The appropriateness of the t-distribution rests on two conditions:
1.  The population standard deviation $\sigma$ is unknown.
2.  The sample comes from a normally distributed population, OR the sample size ($n$) is sufficiently large (typically $n \ge 30$) for the Central Limit Theorem to apply, ensuring the sampling distribution of the mean is approximately normal.

The formula for the t-interval is:
$$ \text{CI} = \overline{x} \pm t_{\alpha/2, n-1} \cdot \frac{s}{\sqrt{n}} $$

Where $t_{\alpha/2, n-1}$ is the critical value from the t-distribution with $n-1$ degrees of freedom.

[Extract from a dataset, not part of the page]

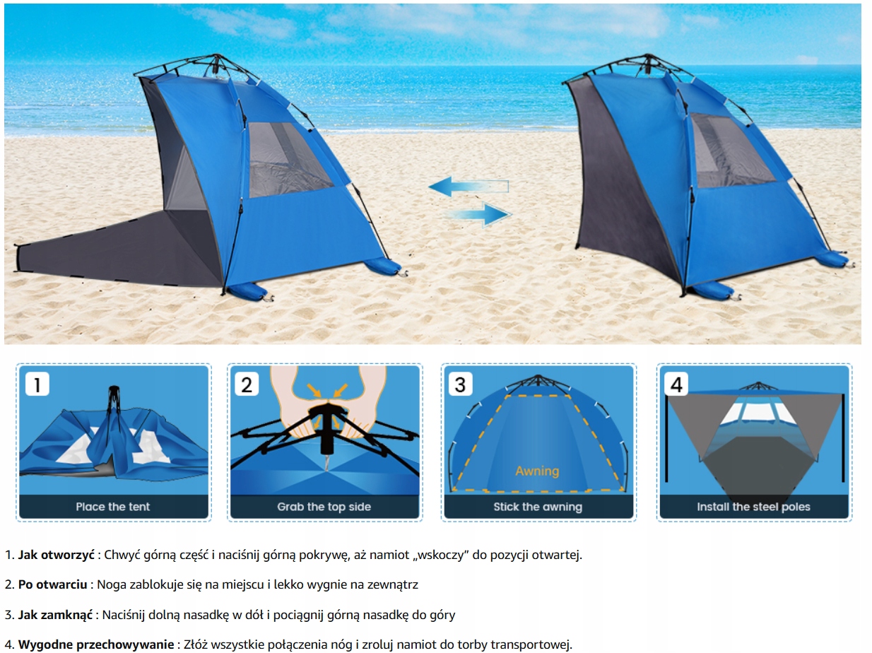 - 【does not require mounting】 thanks to the improved automatic assembly technology, you can forget about the troublesome folding and folding of the beach tent, because you can fold it in 3 Хвилини та насолоджуйтесь хорошим гумором з коханою людиною. Розслаблення вдома або у дворі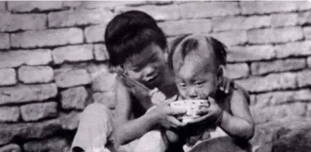 图中两个瘦伶伶的小孩端着一只碗,这个场景叫街口打牙祭也不沾边,只是讨口温饱,碗是粗瓷的,边上磕掉一块,墙是土坯的,风一刮就掉渣,孩子眼神往下缩着,像怕光又像怕人,姐姐把胳膊搭在弟弟肩上,手指甲里全是黑泥,碗里能见到的不过是几口清汤,喝一口喘一口,冻得直抖。

## Step 1: Define Given Parameters

We begin by defining the parameters provided for the network round-trip time (RTT) data.

In [1]:
# --- Problem Parameters ---
n = 60          # Sample size (number of packets)
x_bar = 118     # Sample mean (in ms)
s = 32          # Sample standard deviation (in ms)
confidence_level = 0.95

## Step 2: Justify the Use of the t-Distribution

The problem asks why the t-distribution is appropriate here. There are two key reasons:

1.  **Unknown Population Standard Deviation ($\sigma$):** The problem provides the *sample* standard deviation ($s = 32$ ms), not the population standard deviation. We are using an estimate based on our data, which is the primary condition for using the t-distribution instead of the z-distribution.
2.  **Sufficiently Large Sample Size:** The sample size is $n=60$. Since $60 \ge 30$, the Central Limit Theorem ensures that the sampling distribution of the sample mean ($\overline{x}$) will be approximately Normal, even if we don't know the distribution of the underlying round-trip times. This satisfies the second condition for the valid application of the t-interval.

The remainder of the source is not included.